Top of RECORD EXCERPTS

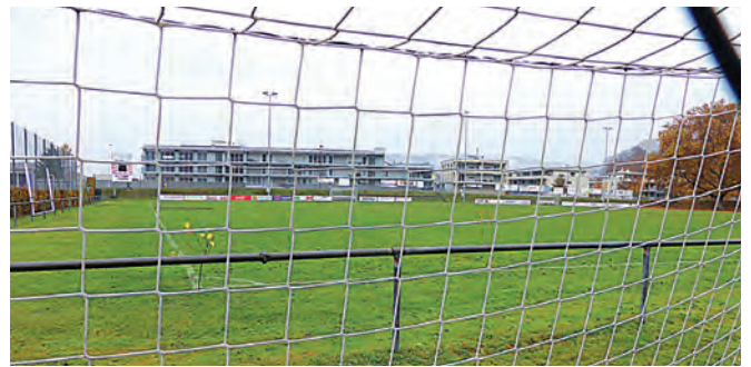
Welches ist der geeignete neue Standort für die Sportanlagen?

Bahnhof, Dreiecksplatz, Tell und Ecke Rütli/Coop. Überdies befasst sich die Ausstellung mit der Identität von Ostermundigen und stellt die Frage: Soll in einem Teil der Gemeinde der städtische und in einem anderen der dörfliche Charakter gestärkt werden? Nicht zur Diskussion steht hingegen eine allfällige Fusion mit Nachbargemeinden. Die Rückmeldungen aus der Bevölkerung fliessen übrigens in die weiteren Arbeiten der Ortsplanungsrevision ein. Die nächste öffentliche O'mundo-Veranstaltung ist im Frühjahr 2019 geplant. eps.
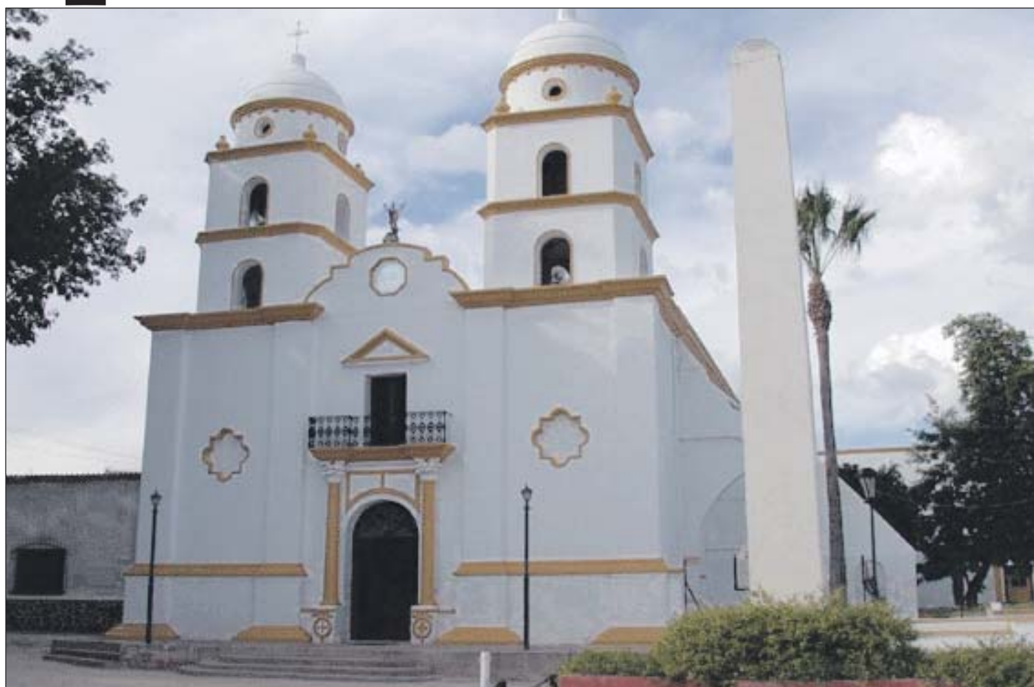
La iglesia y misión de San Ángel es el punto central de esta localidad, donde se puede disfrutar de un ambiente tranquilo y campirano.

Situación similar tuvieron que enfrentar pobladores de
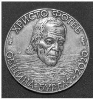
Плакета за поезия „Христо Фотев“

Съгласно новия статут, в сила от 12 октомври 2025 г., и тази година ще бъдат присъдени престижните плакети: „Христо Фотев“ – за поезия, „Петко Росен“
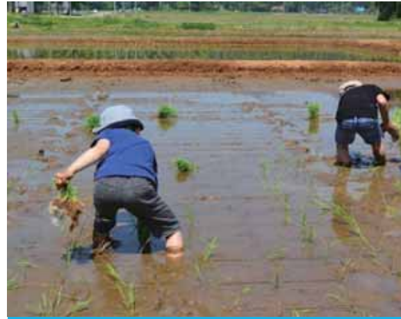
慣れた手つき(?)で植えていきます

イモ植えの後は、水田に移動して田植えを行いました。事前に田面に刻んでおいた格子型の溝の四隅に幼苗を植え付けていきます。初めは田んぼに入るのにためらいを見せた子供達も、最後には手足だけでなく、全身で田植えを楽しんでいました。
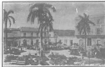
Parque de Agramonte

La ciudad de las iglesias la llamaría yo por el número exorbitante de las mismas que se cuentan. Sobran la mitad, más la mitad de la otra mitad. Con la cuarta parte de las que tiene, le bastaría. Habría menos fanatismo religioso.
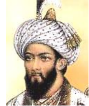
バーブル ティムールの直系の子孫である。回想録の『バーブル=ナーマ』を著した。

Bottom of RECORD EXCERPTS

▸ WHAT THE EXERCISE ASKS:
All lines that contain the word "Христо" must be copied from the records above.

▸ EXERCISE OUTPUT:
Плакета за поезия „Христо Фотев“
Съгласно новия статут, в сила от 12 октомври 2025 г., и тази година ще бъдат присъдени престижните плакети: „Христо Фотев“ – за поезия, „Петко Росен“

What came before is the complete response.